GULU- Hopes of recovery for children suffering from nodding syndrome hang in balance after Hope for Human, the only organisation that has been supporting children suffering from the disease plans to shut down its care centres in Acholi sub-region next month.
The organisation has been providing medical and personal care, special schooling, and nutritious meals to nodding syndrome children since 2012 and has treated more than 300 children at the Hope for Humans Care Centre facility in Odek Sub-county, Omoro District.
Last week, Ms Suzanne Gazda, the founder and chief executive officer of Hope for Humans, said the board of directors made a difficult decision to dissolve the organisation next month.
“Our board of directors has made a difficult decision to dissolve Hope for Humans in August. As you can imagine, this decision was rooted in much consideration, preparation, and prayer,” a July 10 statement issued by Ms Gazda, reads in part.
She, however, said children receiving therapy and medicine from their staff will continue to do so through dedicated “citizens” in the community.
“Any remaining financial contributions in our possession will be used for the intended purpose. A robust reporting structure will remain intact for the remainder of the year to ensure that funds have been distributed,” Ms Gazda added.
Whereas Ms Gazda insists that the reasons for dissolving Hope for Humans is due to the progress the children have registered during their operations, some officials said the organisation has been experiencing financial challenges over the years.
Mr Caesar Okot, the programme manager at Hope for Humans, said the organisation can no longer fund most of its activities because of limited finances.
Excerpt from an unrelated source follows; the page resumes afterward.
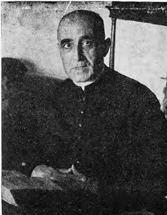
⚡ Mossén Lorenzo Riber

“There are still many children within the community who are bedridden and are relapsing because their parents cannot afford to take care of them. We had much wanted to bring them to the care centre but unfortunately we don’t have money,” Mr Okot said.
“Closing down the treatment centres will definitely slow down the recovery of the children suffering from nodding syndrome since at their homes, they will not receive full attention from their parents, eat well and get medication on time because it’s a farming season,” he added.
He said although the centres will be closed, their outreach programmes to the affected children within the communities will continue.
Currently, 30 children undergoing rehabilitation are still at Hope for Humans Care Centre.
The organisation this year, also commissioned Tumango Nodding Syndrome Centre in Labongo-Amida Sub-county in Kitgum District but it has been inactive.
According to Mr Okot, about 349 children are still in dire condition in Labongo Amida Sub-county while 40 others are in Bolo Parish, Awere Sub-county Pader District.
Mr Michael Rackara, a resident of Odek Sub-county whose four children are recovering from nodding syndrome, said government should intervene and support the organisation.
“If this centre closes, where will my children receive medical support from? I am a poor farmer who cannot afford to take care of the children because they are very weak, if the centre closes, my children will also die,” Mr Rackara told Daily Monitor in an interview recently.
An estimated 3,000 children mainly in Kitgum, Gulu, Pader and Lamwo districts in Acholi sub-region were affected by nodding syndrome since 2009 when its outbreak was first reported.